Computational Science
Modern scientists increasingly rely on computational modeling and data analysis to explore and understand the natural world. Given the ubiquitous use in science and its critical importance to the future of science and engineering, computational modeling plays a central role in progress and scientific developments in the 21st Century.
This programme aims at educating the next generation of cross-disciplinary science students with the knowledge, skills, and values needed to pose and solve current and new scientific, technological and societal challenges.
A programme with a large range of topics
It is a unique educational programme that treats in a comprehensive way computation as the triple junction of algorithm development and analysis, high performance computing, and applications to scientific and engineering modeling and data science.
All disciplines in the Sciences are represented in this programme and you can thereby explore and design thesis projects that cover a large range of topics and own interests, from Mathematics and Computational Science to the Physical Sciences and Life Sciences.
New methods that make challenging problems tractable
Scientific computing focuses on the development of predictive computer models of the world around us. As studies of physical phenomena evolved to address increasingly complex systems, traditional experimentation is often infeasible. Computational modeling has become a primary tool for understanding these systems; equal in stature, for the right questions, to analysis and experiment. The discipline of scientific computing is the development of new methods that make challenging problems tractable on modern computing platforms, providing scientists and engineers with new windows into the world around us.
Develop tools to find trends within datasets
Data science focuses on the development of tools designed to find trends within datasets that help scientists who are challenged with massive amounts of data to assess key relations within those datasets. These key relations provide hooks that allow scientists to identify models which, in turn, facilitate making accurate predictions in complex systems.
For example, a key data science goal on the biological side would be better care for patients (e.g., personalized medicine). Given a patient’s genetic makeup, the proper data-driven model would identify the most effective treatment for that patient.
Change the future of computer simulations
Combining machine learning and data analysis with quantum computing is an exciting topic, which can completely change the future of computer simulations, and the way we study physical systems at the smallest length scales.

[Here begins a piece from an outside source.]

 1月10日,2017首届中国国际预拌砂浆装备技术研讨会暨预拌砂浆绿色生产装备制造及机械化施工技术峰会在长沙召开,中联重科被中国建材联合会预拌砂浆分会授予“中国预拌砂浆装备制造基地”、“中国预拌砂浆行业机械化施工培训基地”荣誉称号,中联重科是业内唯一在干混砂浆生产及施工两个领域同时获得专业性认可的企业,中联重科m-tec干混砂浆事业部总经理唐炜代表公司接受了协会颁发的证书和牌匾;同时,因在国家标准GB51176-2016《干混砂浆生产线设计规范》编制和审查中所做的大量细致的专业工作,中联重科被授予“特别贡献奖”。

Combining insights with mathematical tools and computational skills
An important aim of this programme is to develop your abilities to pose and solve problems that combine insights from one or more disciplines from the natural sciences with mathematical tools and computational skills. This provides a unique combination of applied and theoretical knowledge and skills.
These features are invaluable in today's multi-disciplinary environments, both academic and professional. The main focus is not to educate computer specialists, but to give you an education with a solid understanding in basic science as well as an integrated knowledge on how to use essential methods from computational science.

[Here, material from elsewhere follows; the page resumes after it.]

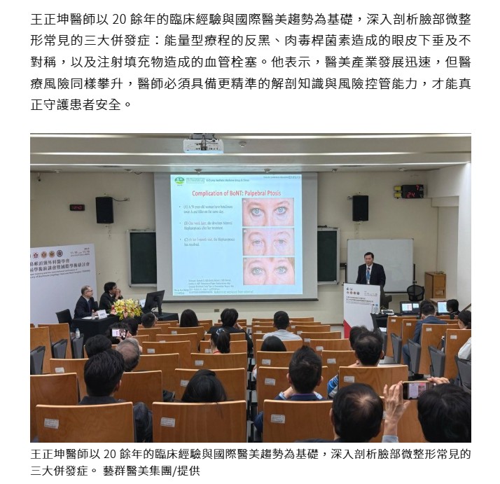 王正坤醫師以 20 餘年的臨床經驗與國際醫美趨勢為基礎,深入剖析臉部微整形常見的三大併發症:能量型療程的反黑、肉毒桿菌素造成的眼皮下垂及不對稱,以及注射填充物造成的血管栓塞。他表示,醫美產業發展迅速,但醫療風險同樣攀升,醫師必須具備更精準的解剖知識與風險控管能力,才能真正守護患者安全。

This requires an education that covers both the specific disciplines like physics, biology, geoscience, mathematics etc with a strong background in computational science.
Ignite new transformational connections in research and education
This Master of Science programme is unique in the sense that it will enable application-driven computational modeling while also exposing disciplinary computational scientists to advanced tools and techniques. This will hopefully ignite new transformational connections in research and education.

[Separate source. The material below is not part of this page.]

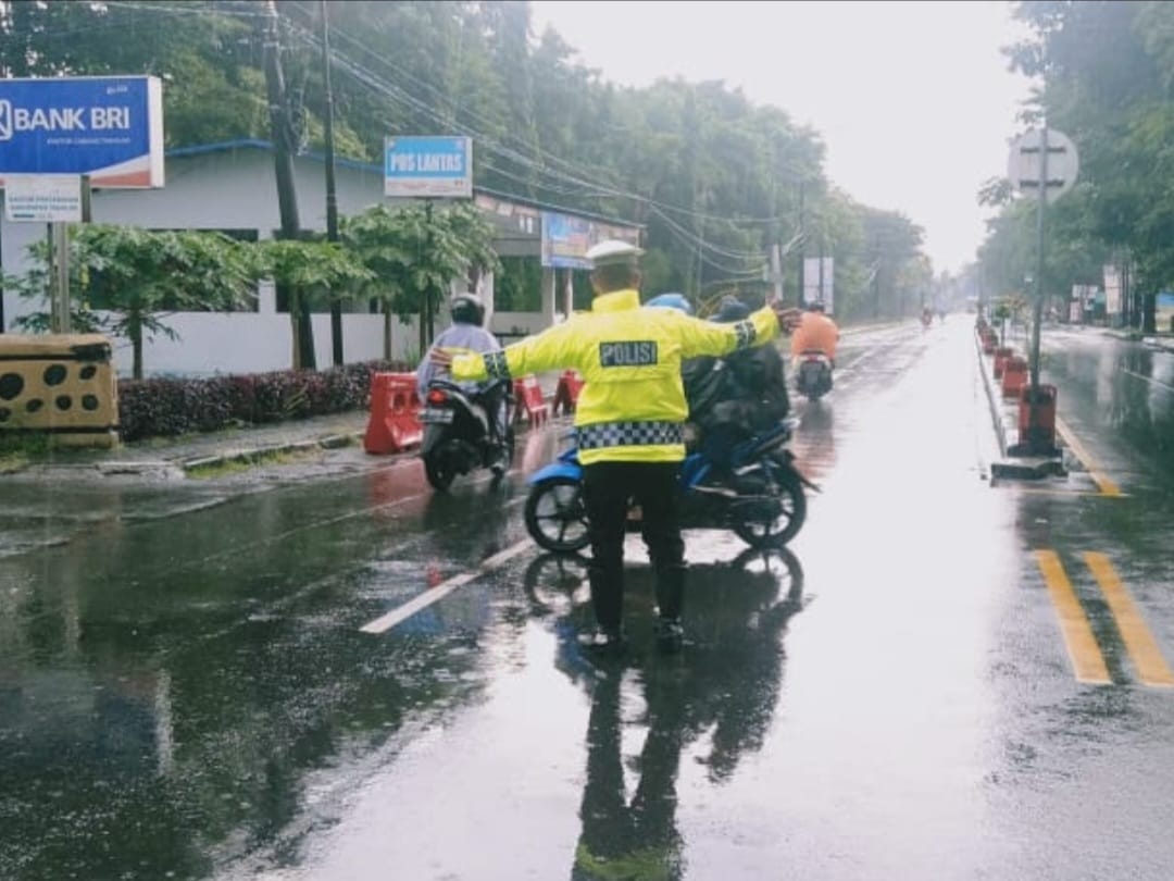 Meski Hujan, Sat Lantas Polres Takalar Tetap Atur Lalu Lintas

The programme has the following options
- Computational Science: Applied Mathematics and Risk Analysis
- Computational Science: Astrophysics
- Computational Science: Bioinformatics
- Computational Science: Bioscience
- Computational Science: Chemistry
- Computational Science: Geoscience
- Computational Science: Imaging and Biomedical Computing
- Computational Science: Mechanics
- Computational Science: Physics
- Computational Science: Quantum Information Science and Technology
Learning environment
This is a new programme at the University of Oslo and through various activities, spanning from common meetings and field trips to various social gatherings, we will gradually build up a top learning environment where you will thrive as a student and learn to develop your scientific creativity through exciting thesis topics.
The University of Oslo offers a rich and active student environment with more than 200 student led activities and organizations.
Studies abroad at top universities in Canada and the USA, Asia and Europe
The involved researchers have extensive collaborations with other researchers worldwide. The exchange possibilities range from top universities in Canada and in the USA, in Asia and in Europe as well as leading National Laboratories in the USA. Studies at other institutions can be planned from the very first semester of the programme, although we normally recommend planning a stay abroad from the second semester or later semesters.
Read more about studies abroad.
Career prospects
A significant aspect of this programme is the ability to offer new educational opportunities that are aligned with the needs of a 21st century workforce.
Many companies are seeking individuals who have knowledge of both a specific discipline and computational modeling.